Sharing your Storyboards

  • Updated

Estimated reading time: 10 minutes

Prerequisites: Managing your Storyboards - read this article first

What you'll learn

By the end of this article, you'll be able to:

  • Share a Storyboard with roles and groups.
  • Share a Storyboard with individual users.
  • Set permission levels (Can View, Can View & Edit, CanChangeFilterSet).
  • Unshare a Storyboard or remove individual access.
  • Understand how Data Access Roles interact with Storyboard sharing.
  • Embed a Storyboard in SharePoint, Confluence, Google Sites, or other applications.

Overview

Once you have built a Storyboard, you need to decide who can see it and what they can do with it. One Model gives you two sharing approaches: share with roles and groups (for broad distribution) and share with individual users (for targeted access). You can use both on the same Storyboard.
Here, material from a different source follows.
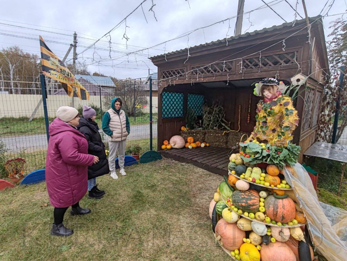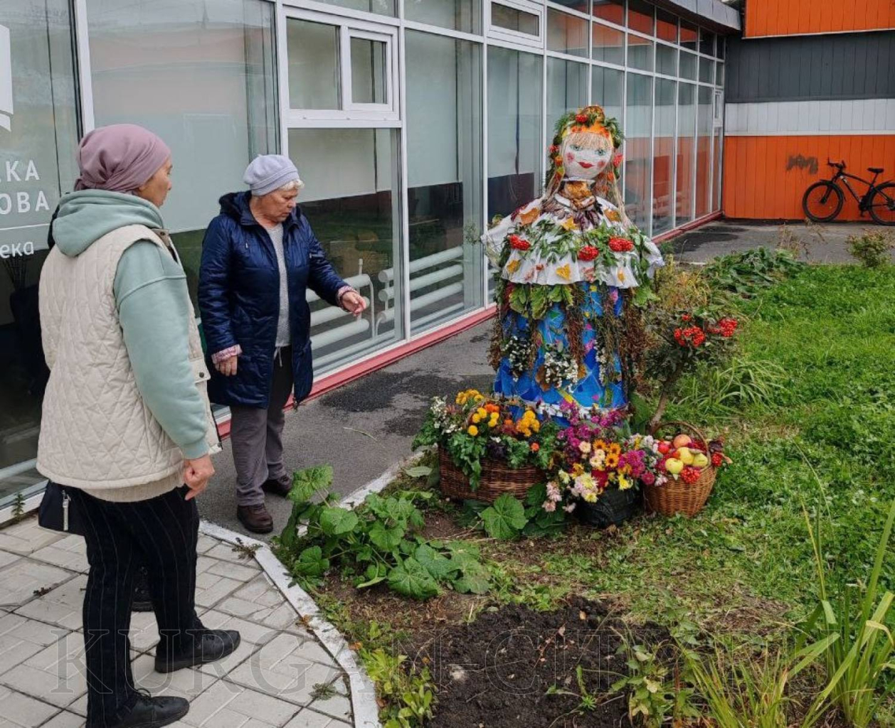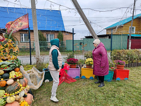 В ТОС «Рябково» жители установили ростовую куклу «Марфуша» с её урожаем.

Sharing controls access to the Storyboard container. What data each viewer sees inside the Storyboard is still governed by their Data Access Role. Two viewers with different Data Access Roles will see different data on the same shared Storyboard.

Permissions

Sharing is possible for any Storyboard where a user has edit rights. This could be a Storyboard that has been created by them or a Storyboard that has been shared with Edit rights. 

The user also needs to have the permission CanShareStoryboards to share Storyboards with roles or CanShareStoryboardWithUser to share Storyboards with individual users.


Choosing your sharing approach

Scenario Recommended approach
An entire team or department needs access Share with roles and groups
Multiple teams with different permission levels Share with roles and groups (set different levels per role)
One person needs to review your draft Share with individual user
A stakeholder outside the normal role structure needs access Share with individual user
Broad view access + specific editors Combine both: roles for view, individual users for edit

Storyboards can be shared through the three dots at the end of the row in the Storyboard Library page.

Or they can be shared through the Settings tab at the top right of the Storyboard title navigation bar in a Storyboard.



Sharing with roles and groups

This is the most common approach. You assign access to existing Application Access Roles or groups, and every user in that role automatically sees the Storyboard.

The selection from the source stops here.